仮想通貨レンディング利益を証券化
デジタル証券(STO)の発行プラットフォームを提供する米Securitizeは子会社Securitize Capitalを立ち上げ、投資家に暗号資産(仮想通貨)とDeFi(分散型金融)へのエクスポージャーを提供することが分かった。
Securitize Capitalは機関投資家に、仮想通貨やDeFiで得られる利回りへのアクセスを提供。投資家は、それらを直接購入して運用する際の手間を省ける形だ。
2つの主力ファンド「Securitize Capital ビットコインイールドファンド」と「USDCイールドファンド」が、6月上旬にローンチする予定。投資家にビットコイン(BTC)やUSDコイン(USDC)の貸し付け利益へのエクスポージャー(ある金融資産価格の変動に影響を受けること)を提供するもので「現在市場に出回っているファンドよりも利回りが高く、手数料が低く」なる見込みだという。当初は認定された機関投資家のみが利用できる。
SecuritizeのCarlos Domingo CEOは次のようにコメント。
機関投資家の、仮想通貨へのエクスポージャーに対する需要は非常に高まっている。それらの組織は単に仮想通貨を保持するだけでなく、DeFiによって生み出される利回りへのアクセスも求めている。

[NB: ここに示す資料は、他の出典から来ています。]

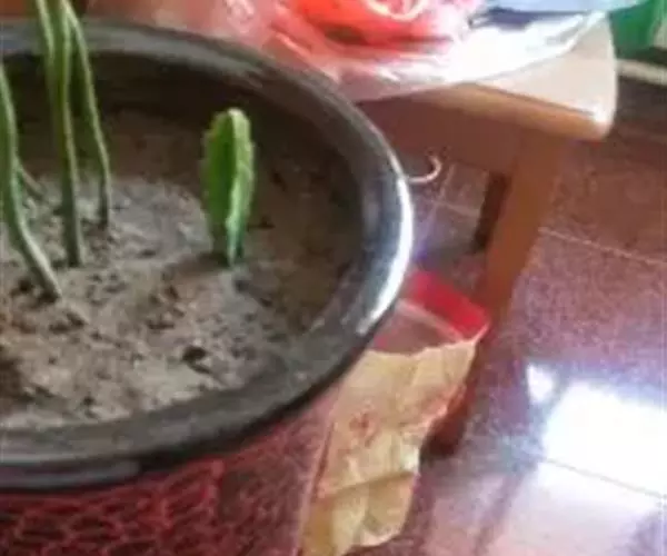 黄肉类型的火龙果砧木可选择野生三角柱(霸王花)等,红肉类型的火龙果可选择白肉类型的火龙果作砧木。选择1-2年生的三角柱,自茎节处从母体上截下,扦插在砂质较重的疏松土壤中(深度为插牢为宜),上搭荫棚,浇透水即可做砧木,约半月插活后就可进行嫁接。接穗以当年生发育较好的枝条为宜。

Domingo氏は「まだ、仮想通貨レンディングで得られる利子にアクセスできる機関グレードのファンドはほとんど存在していない」として、「このような製品を今後さらに導入したい」と意欲を示した。
高い利回りを提供予定
CoinDeskの番組に出演し、同氏は「ビットコインイールドファンド」は年間2%の利回りを提供し、「USDCイールドファンド」は、年間6%から8%というさらに高い利回りを提供する予定だと説明。運用手数料は0.5%だ。
公式発表によるとファンドの証券は、アルゴランド(ALGO)のブロックチェーンに記録されたデジタル資産証券として発行される。

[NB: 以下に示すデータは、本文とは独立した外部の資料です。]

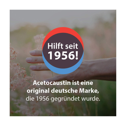 - Deutsche Qualität: Als Medizinprodukt Klasse IIa und Teil einer deutschen Traditionsmarke steht Acetocaustin® seit 1956 für bewährte Qualität und Zuverlässigkeit.

また、ファンド立ち上げにあたってSecuritize Capitalは、大手仮想通貨カストディ企業Anchorageの関連会社、Anchorage Lendingと、ブローカー企業Genesisに、レンディング機会の調達を依頼した。
Anchorageの社長・共同創設者であるDiogo Mónica氏は次のように述べている。

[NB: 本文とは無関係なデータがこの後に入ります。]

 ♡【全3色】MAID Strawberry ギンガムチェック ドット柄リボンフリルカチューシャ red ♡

私たちは、Securitizeが仮想通貨を貸しつける上で法的準拠した安全な方法を提供できることを誇りに思う。
Securitizeの新たなファンドにより、まったく新しい範囲の投資家がビットコインやステーブルコインの投資に参加できるようになる。
Domingo氏が述べたように機関投資家は仮想通貨を貸し付けて利益を得ることについて関心を高めているが、特に従来型の機関にとって、その手続きは複雑であった。そこで今回のようなファンドの導入は、管理方法がハードルになっていた投資家の参加も促すものになりそうだ。